Deeper cracks in the gelcoat need to be ground out, filled with thickened epoxy and then either painted or gelcoated.


----------



## saurav16 (Mar 22, 2007)

The cracks for the most part are just under the stanchions, which is common right?


----------



## sailingdog (Mar 19, 2006)

That probably means the deck has some problems and that water has gotten in the core, if the deck is cored there. Do the stanchions have solid backing plates under where they are mounted? If not, I would take the stanchions off and check the deck beneath. If the deck is sound—without core or without core problems—sand the gelcoat, and re-gelcoat the top before remounting the stanchions. When you re-mount the stanchions, and add a decent size backing plate of stainless steel, aluminum, fiberglass or epoxy-coated marine plywood.
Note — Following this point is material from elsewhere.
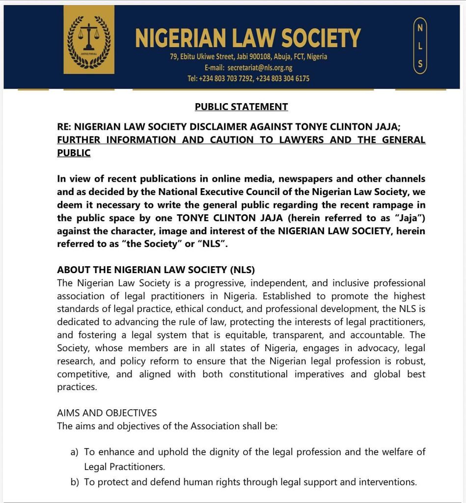 In view of recent publications in online media, newspapers and other channels and as decided by the National Executive Council of the Nigerian Law Society, we deem it necessary to write the general public regarding the recent rampage in the public space by one TONYE CLINTON JAJA (herein referred to as “Jaja”) against the character, image and interest of the NIGERIAN LAW SOCIETY, herein referred to as “the Society” or “NLS”.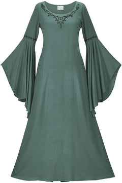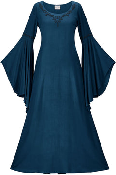 There is certainly something cosmically enticing about the Arianrhod Maxi dress. As its new wearer, you can choose from several of our darker, rich color tones, which can make anyone look powerful when they sweep into a room with this dress draped over their form. Even the sleeve style catches the eye and draws it up to look at the queen who just entered the palace.

If you use anything but the stainless, add fender washers. If the deck is cored—pot the holes after drilling them out oversized and then re-drill the fastener holes through the thickened epoxy you use to pot the holes. I also like to counter sink the fastener holes a tiny bit to allow the sealant to form an o-ring type seal.


----------



## TSOJOURNER (Dec 16, 1999)

So which product should someone with cracks use to fill back in the gelcoat or epoxy? I'm keen on epoxy myself and re-painting over, since my deck is Camel and I wanted white anyhow... Which epoxy is considered good for this purpose?
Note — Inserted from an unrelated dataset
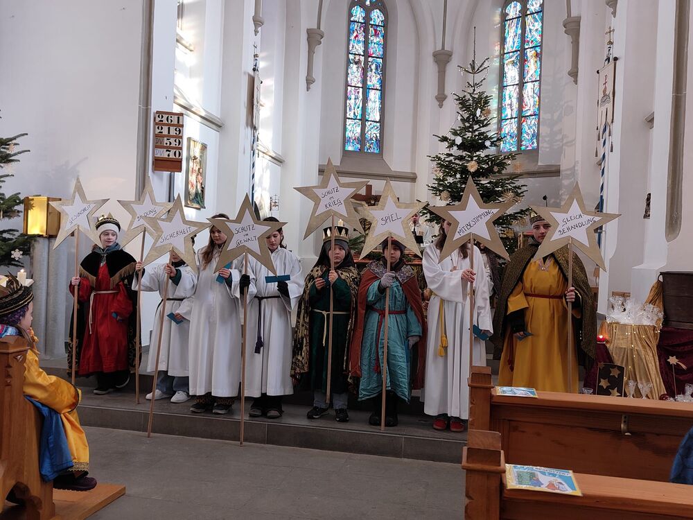 Musikalisch wurde der Gottesdienst von bekannten Liedern getragen, die viele Kinder aktiv mitsangen und mit Bewegungen begleiteten. Mit dem gemeinsamen Sternsingerspruch machten die Kinder und Jugendlichen ihre Rolle als Botschafterinnen und Botschafter noch einmal deutlich sichtbar.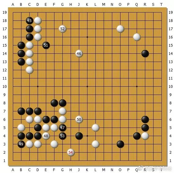 AlphaGo Zero执白对Master。这是双方对局的常见局面,白AlphaGo Zero捞足了实地,Master的中央模样像纸糊的一样被打破,败下阵来。

I had several cracks just from weathering and neglect, so perhaps there is a third cause? or is that considered crazing?


----------



## TSOJOURNER (Dec 16, 1999)

A question from the cheap skate...

What is the difference between gel coat and supplies from the specialty store and a fiberglass shower refinishing kit from the home improvement store?


----------



## sailingdog (Mar 19, 2006)

I'd use either MAS or West Systems epoxy with a chopped fiberglass filler to fill the cracks. IIRC, you can gelcoat over epoxy, provided you scrub the amine blush off the surface. West Systems has aan article on doing it. 


Lancer28 said:


> So which product should someone with cracks use to fill back in the gelcoat or epoxy? I'm keen on epoxy myself and re-painting over, since my deck is Camel and I wanted white anyhow... Which epoxy is considered good for this purpose?
> 
> I had several cracks just from weathering and neglect, so perhaps there is a third cause? or is that considered crazing?
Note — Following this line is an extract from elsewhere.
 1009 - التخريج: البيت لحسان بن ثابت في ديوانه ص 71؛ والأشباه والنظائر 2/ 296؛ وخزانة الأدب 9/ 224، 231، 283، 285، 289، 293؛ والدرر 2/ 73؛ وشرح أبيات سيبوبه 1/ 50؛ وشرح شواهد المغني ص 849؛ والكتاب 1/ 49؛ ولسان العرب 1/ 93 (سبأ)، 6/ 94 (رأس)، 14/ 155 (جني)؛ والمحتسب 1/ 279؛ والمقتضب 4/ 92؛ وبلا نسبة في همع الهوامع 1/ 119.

The gelcoat you get from the bathtub repair kit isn't probably as UV resistant as the stuff you get from the specialty shop, since the UV exposure a bathtub gets is minimal.



arbarnhart said:


> A question from the cheap skate...
> What is the difference between gel coat and supplies from the specialty store and a fiberglass shower refinishing kit from the home improvement store?


----------



## saurav16 (Mar 22, 2007)

SD, 

NO backing plates, I was going to add stainless steel backing plates under the stanchions to keep this from happening again.


----------



## sailingdog (Mar 19, 2006)

I figured as much from your description of the stress cracks. 



saurav16 said:


> SD,
> 
> NO backing plates, I was going to add stainless steel backing plates under the stanchions to keep this from happening again.


----------



## TSOJOURNER (Dec 16, 1999)

sailingdog said:


> The gelcoat you get from the bathtub repair kit isn't probably as UV resistant as the stuff you get from the specialty shop, since the UV exposure a bathtub gets is minimal.


Turns out it is; the opaque pigment (even when white) is a light blocking solid. What else is (or might be; more guesses are still welcome) different? The cost difference is not incredibly significant, but there is some. The convenience difference is pretty incredible though.


----------



## sailingdog (Mar 19, 2006)

Arbarnhart-

I used to work in the paint industry... the white pigment is generally titanium dioxide, and yes, it blocks light, but the resin itself may not be as UV resistant in the Bathtub kit, and may not be properly formulated for exposure to the other things that boats are subject to, like UV, extreme heat, extreme cold, etc. Most bathrooms are relatively temperature stable, and not generally exposed to UV, etc.



arbarnhart said:


> Turns out it is; the opaque pigment (even when white) is a light blocking solid. What else is (or might be; more guesses are still welcome) different? The cost difference is not incredibly significant, but there is some. The convenience difference is pretty incredible though.


----------



## sailaway21 (Sep 4, 2006)

Gel coat does not bond well to epoxy. If you are going to cover with gel coat you should use polyester resin instead of epoxy.


----------



## sailingdog (Mar 19, 2006)

Sailaway-

That's what I thought originally too... but you might want to read the testing they did over at West Systems with epoxy and gelcoat. LINK.


----------



## sailaway21 (Sep 4, 2006)

Thanks Dog,
I would be more than a little interested in hearing more on this subject. Most of us end up with mechanical bonds on a lot of our epoxy repair jobs and, if gel coat will adhere as well, it has the potential to change accepted wisdom.


----------



## TSOJOURNER (Dec 16, 1999)

> The cracks for the most part are just under the stanchions, which is common right?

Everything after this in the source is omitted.